- **WHAT YOU SHOULD DO**
Each line below from the line with "1-2-3-4-5 Yaş Kanatlı Kız Çocuk Elbise Somon" to the line with "350 ml mug with" must be copied exactly, including those two, and no picture may appear in the copy.

- **DATASET**
● ● ● ● ● ● ●
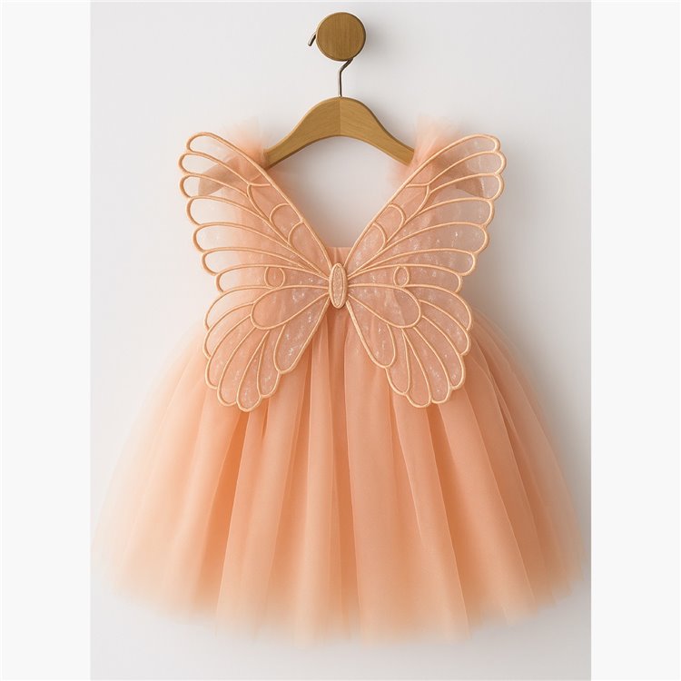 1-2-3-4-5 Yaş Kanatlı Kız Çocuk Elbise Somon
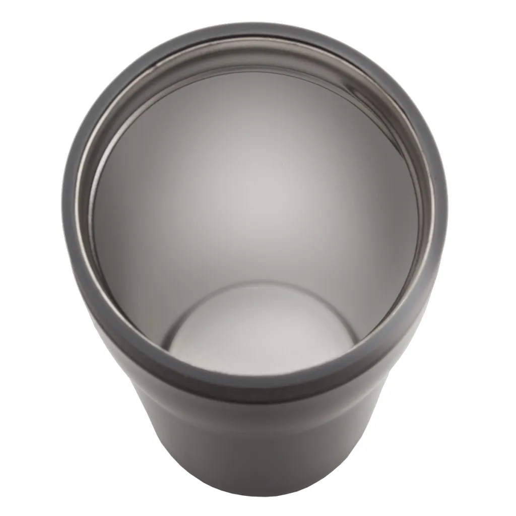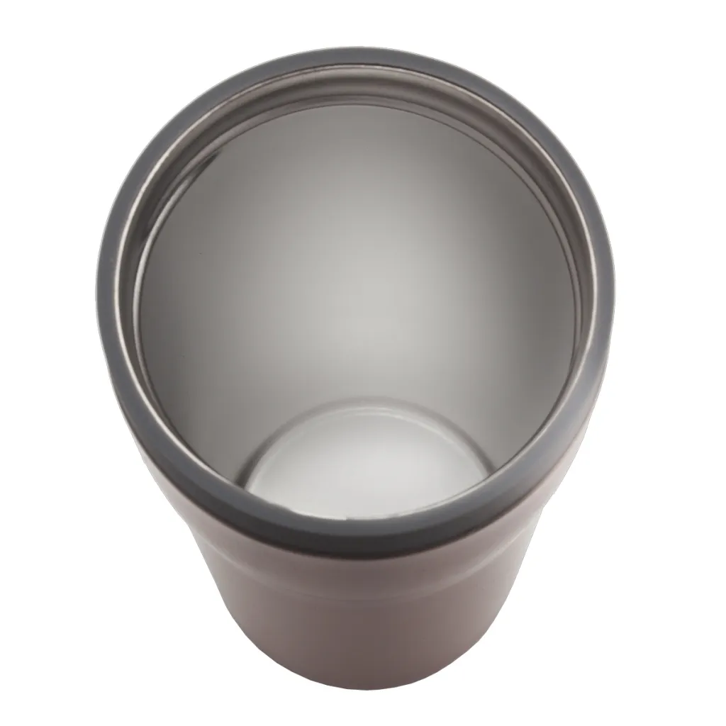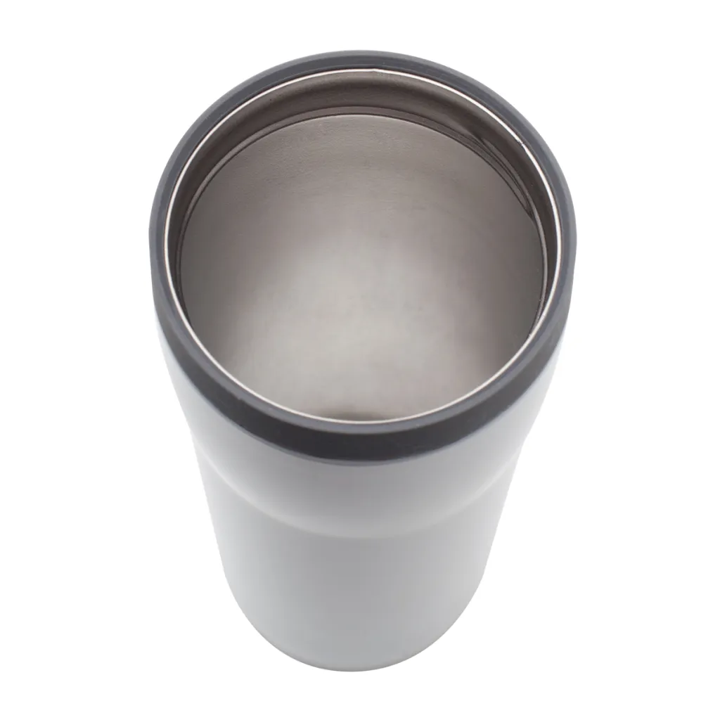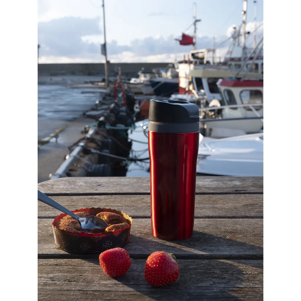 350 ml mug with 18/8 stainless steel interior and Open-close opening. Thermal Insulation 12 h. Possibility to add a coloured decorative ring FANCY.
● ● ● ● ● ● ●
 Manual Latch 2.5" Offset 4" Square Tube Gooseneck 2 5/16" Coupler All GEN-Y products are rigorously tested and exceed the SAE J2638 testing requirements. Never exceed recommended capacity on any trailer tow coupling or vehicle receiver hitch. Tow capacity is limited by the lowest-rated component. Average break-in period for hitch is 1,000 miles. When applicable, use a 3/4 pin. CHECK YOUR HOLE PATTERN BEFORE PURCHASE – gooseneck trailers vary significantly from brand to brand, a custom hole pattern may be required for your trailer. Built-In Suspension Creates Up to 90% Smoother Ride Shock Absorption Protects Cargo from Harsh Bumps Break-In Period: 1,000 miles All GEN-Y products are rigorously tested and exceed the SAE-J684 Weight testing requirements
● ● ● ● ● ● ●
- **EXERCISE RESULT**
 1-2-3-4-5 Yaş Kanatlı Kız Çocuk Elbise Somon
 350 ml mug with 18/8 stainless steel interior and Open-close opening. Thermal Insulation 12 h. Possibility to add a coloured decorative ring FANCY.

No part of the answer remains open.